The proposal in a letter sent Tuesday to Secretary of State Antony Blinken was shaped by Rep. Ilhan Omar, D-Minn., who is Muslim, and Rep. Jan Schakowsky, D-Ill., who is Jewish.
A source close to the drafters said that the government’s antisemitism monitor, a position created in 2004, was a model for the proposal. The name proposed in the letter, Special Envoy for Monitoring and Combatting Islamophobia, is a precise echo of the existing office, Special Envoy To Monitor and Combat Antisemitism.
“In recent years, we have seen a dramatic increase in violent Islamophobia and the persecution of Muslims manifesting itself around the world,” said the letter, which cites ongoing persecution of Uyghur Muslims in China and Rohingya Muslims in Burma, as well as a mass casualty attack on a New Zealand mosque in 2019 and a recent deadly attack on a Muslim family in London, Ontario.

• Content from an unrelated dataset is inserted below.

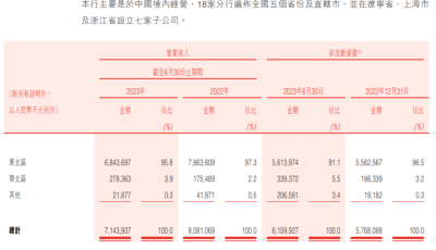 今年上半年,盛京銀行在東北區域實現營業收入68.44億元,佔營業收入的95.8%;華北區域實現營業收入2.78億元,佔營業收入的3.9%;其他區域實現營業收入0.22億元,佔營業收入的0.3%。東北區域的非流動資產總額爲56.14億元,佔非流動資產的91.1%;華北區域的非流動資產總額爲3.39億元,佔非流動資產的5.5%;其他區域的非流動資產總額爲2.07億元,佔非流動資產的3.4%。

Among the 23 Democrats signing are the House’s two other Muslims, Andre Carson of Indiana and Rashida Tlaib of Michigan, and seven of the 25 Jewish Democrats in the House, including Schakowsky; Steve Cohen of Tennessee; Sara Jacobs, Alan Lowenthal and Mike Levin of California; Brad Schneider of Illinois; and Dean Phillips of Minnesota.
Phillips and Schneider are among the Jewish Democrats who had fraught exchanges with Omar and Tlaib over their harsh criticism of Israel during the Israel-Gaza conflict in May.
Omar and Schakowsky in 2019 launched a media tour together to combat bigotry after Omar came under fire for online comments about the AIPAC Israel lobby that were criticized as antisemitic.